## GIVEN DATA
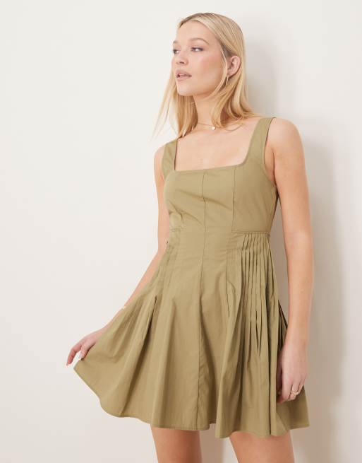 ASOS DESIGN scoop neck pleat waist mini dress in deep putty
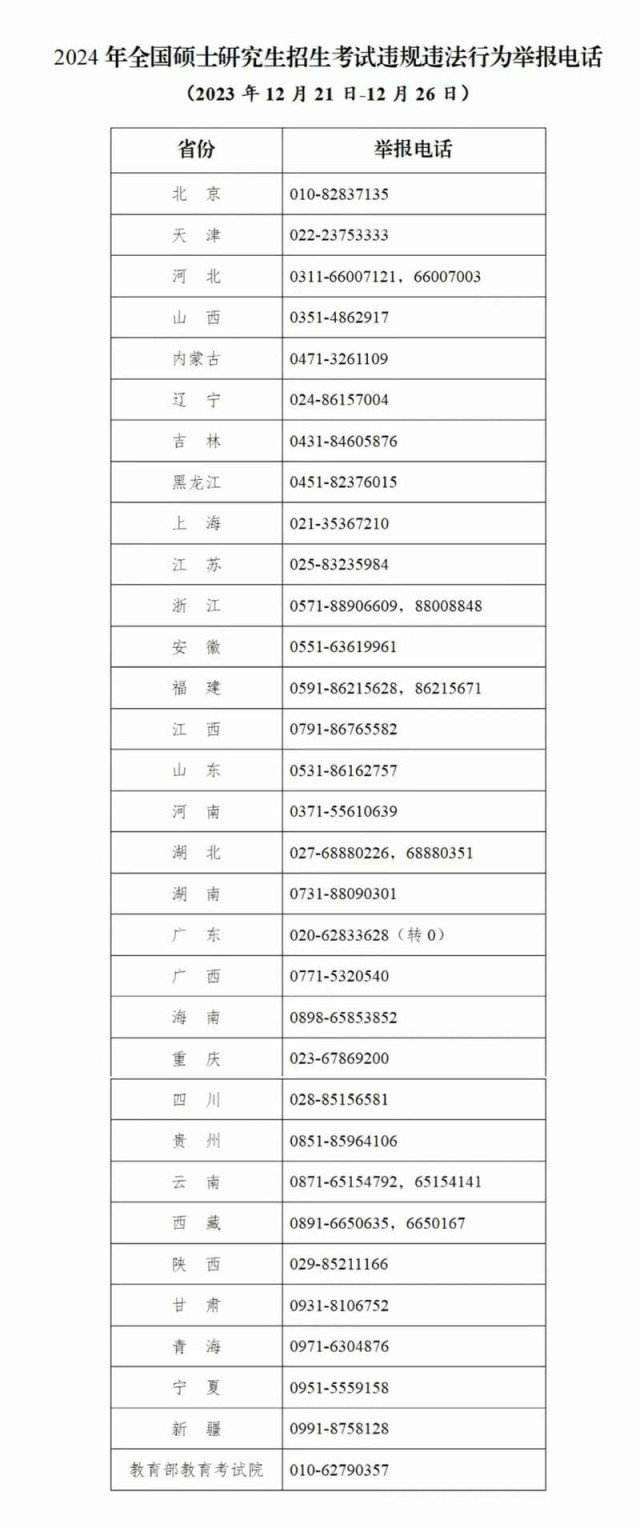 教育部和各省(區(qū)、市)教育招生考試機構將開通2024年研考舉報電話,考生及社會各界人士可及時舉報反映有關問題線索。教育部及各?。▍^(qū)、市)將會同有關部門根據(jù)舉報線索第一時間核查處理,堅決維護風清氣正的研考環(huán)境。
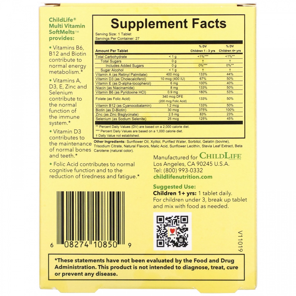 Мультивитамин SoftMelts от ChildLife содержит:
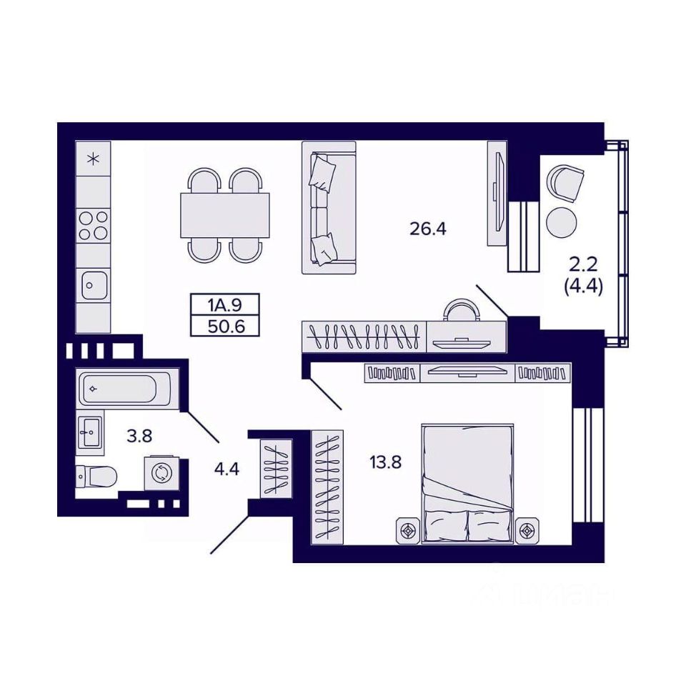 Продаётся 1-комнатная квартира в сданном доме (Дом 1), срок сдачи: IV-кв. 2025, общей площадью 50.6 кв.м., на 11 этаже. Жилой квартал ''Сподвижники'' от компании Vira.

## ABOUT THIS EXERCISE
Pictures excluded, copy the lines exactly from where the material starts to the line with "Мультивитамин SoftMelts от", inclusive.

## RESPONSE TO THE TASK
 ASOS DESIGN scoop neck pleat waist mini dress in deep putty
 教育部和各省(區(qū)、市)教育招生考試機構將開通2024年研考舉報電話,考生及社會各界人士可及時舉報反映有關問題線索。教育部及各?。▍^(qū)、市)將會同有關部門根據(jù)舉報線索第一時間核查處理,堅決維護風清氣正的研考環(huán)境。
 Мультивитамин SoftMelts от ChildLife содержит:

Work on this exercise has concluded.